Balaban: In some ways it’s easier for us to do this show on IFC than other cable networks. Just the personalities involved. And I think the fact is that they do like independent film, and it’s not just a marketing ploy.
McKean: And IFC isn’t looking to turn into anything. They’re doing more original programming now, obviously, but it isn’t like their dream is to turn into TNT and do The Shield Meets The Wolf Man.
Q: I would watch that!
McKean: That is not a bad idea!
Q: What’s up with For Your Consideration? You’re both in that?
Balaban: Yes, Michael and I shall be in it, occupying similar divisions of the set. We work together.
McKean: We’re kind of partnered in a set on this new film.
Q: Any chance of another Spinal Tap tour?
McKean: If we could figure out any way to make money doing it. We never have. We’ve paid for the tour time and again. Actually, last time we played we did OK. But we like it when Jack Black calls us up and says, do you want to do a gig with Tenacious D for this charity. Then you go, yeah not even a question. It’s just fun, it’s not on us, it’s just a great bill. We’ll do stuff like that. I don’t see us designing another tour. For one thing, it’s a very selective audience, like Tony Hendricks’ character says in the movie. Boy, whenever we show up, they do too. We pretend to be rock stars and they pretend to like us. So it’s a perfect relationship.
But it doesn’t have the ease. We can’t get Butterfingers candy bars to sponsor us, or Depends.
Q: But if you did, would the Folksmen from A Mighty Wind be on the bill?

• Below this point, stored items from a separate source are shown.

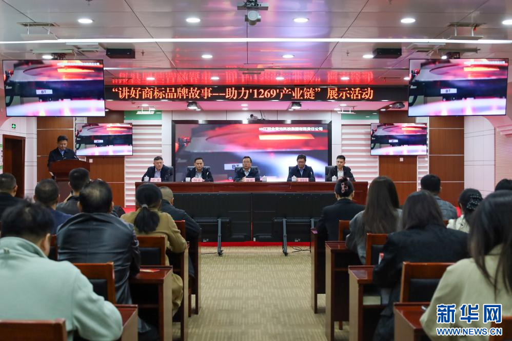 活动现场。新华网发新华网南昌11月11日电(吴亚芬 石斌)11月10日,“讲好商标品牌故事——助力‘1269’产业链”主题展示活动在南昌举行。这项活动旨在通过企业自身的视角,用短视频讲述品牌故事,为正在全力推进“1269”行动计划、构建现代化产业体系的江西,提供一种提升产业价值的新思路。
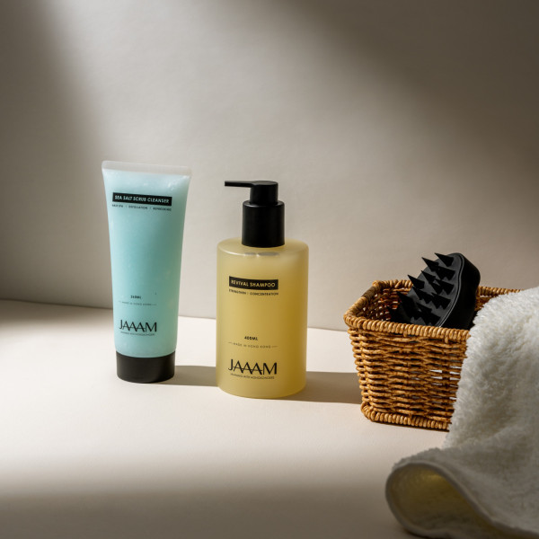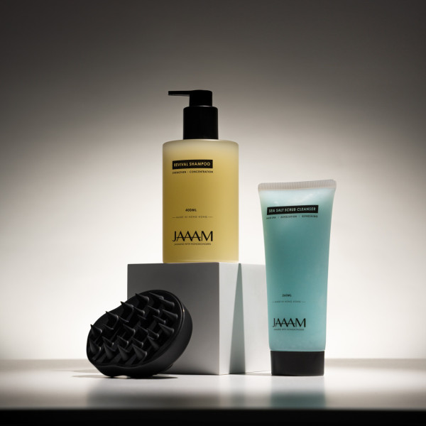 對男士來說,「Gel頭」猶如女士的妝容。這個套裝包括日常使用的甦靈洗髮露,100%深度淸潔髮泥,多種維生素亦有助頭皮頭髮健康。除此之外,每周使用1-2次的海鹽深層洗髮露,當中豐含海鹽粒,能抑制真菌,去除頭皮角質,並搭配水解膠原幫助修復髮絲。再搭配使用頭皮按摩洗髮刷,避免徒手力度不當抓傷頭皮!
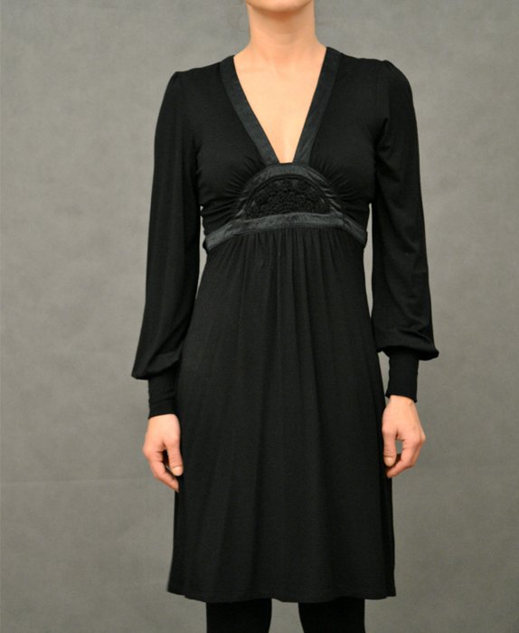 Czarna sukienka z dekoltem w szpic. Poniżej haftowana. Rękawy na ściągaczu. Polecam.
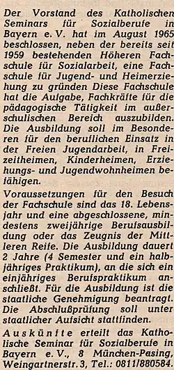 Am 8. August 1965 hatte der Vorstand des Schulvereins Katholisches Seminar für Sozialberufe in Bayern e. V. auf Initiative und unter Federführung von Hermann Zeit und Wilhelm Bleyer beschlossen, eine Fachschule für Jugend- und Heimerziehung (für Männer und Frauen) ins Leben zu rufen. Die nur wenige Jahre in München-Pasing angesiedelte Schule gehörte zu den ersten geschlechtsgemischten, konfessionell gebundenen sozialen Ausbildungsstätten in Bayern. Außerdem war sie deutschlandweit eine der ersten Ausbildungsstätten speziell für Jugend- und Heimerziehung. Bis dahin arbeiteten beispielsweise in den Heimen, wenn überhaupt ausgebildetes Personal, überwiegend Kindergärtner oder Hortner.
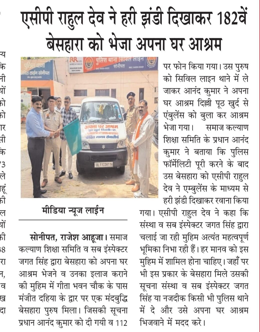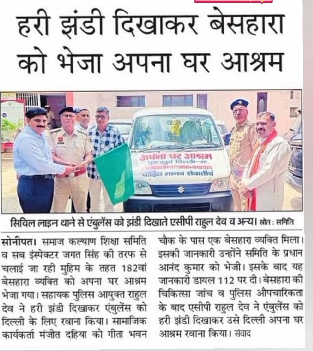 बेसहारा को अपना घर आश्रम के भिजवा कर सेवा कर्म निभाया मनजीत तिहाड़ा ने
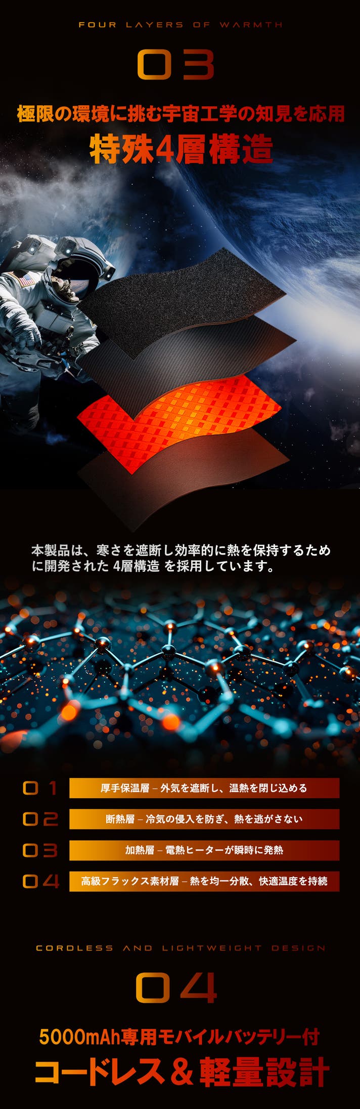 - 5000mAhバッテリー搭載!最大6時間の連続保温で冬の自由を解放【サバイバル級防寒ギア】

McKean: That does wear you out. Especially with Chris with the bald cap. And Harry’s in drag now, he’s a woman now.
Q: You keep the characters going?
McKean: Absolutely. The Folksmen are now two males and a female.
Balaban: There was a tiny A Mighty Wind tour, which Harry did in drag.
McKean: We played five cities. But I don’t know. We still love doing it. We almost did a BBC special for the last election, but someone made the mistake of telling the BBC about it and we started getting all these notes.
The other thing is that we’re all busy doing other things. We were asked to do some CGBGs benefits, and we would have jumped at that, but we’re all kind of involved in other stuff.
Balaban: They did a great thing. You weren’t dressed as Spinal Tap, but Christopher Guest was honored by the Museum of Modern Art a couple of months ago and Michael and Harry came to be part of the thing, and I interviewed them at one point. But they got up and did songs.
McKean: Tap songs and A Mighty Wind songs, but out of character. We never did that before.
Balaban: How did that feel?
McKean: It was great. They did the thing for me at the Newport Folk Festival, and we did the same thing. I invited the other guys. It’s better than doing a speech. More fun.
Q: Does anyone ever kick around the idea of a sequel to Spinal Tap?
McKean: You know, the star of that first movie was the form. The documentary form. If we did another one of those it would be just, please give us ten dollars each, and that doesn’t appeal to us.
Balaban: And you would sit there and compare it. Even if it was a favorable comparison, all you would do was compare it.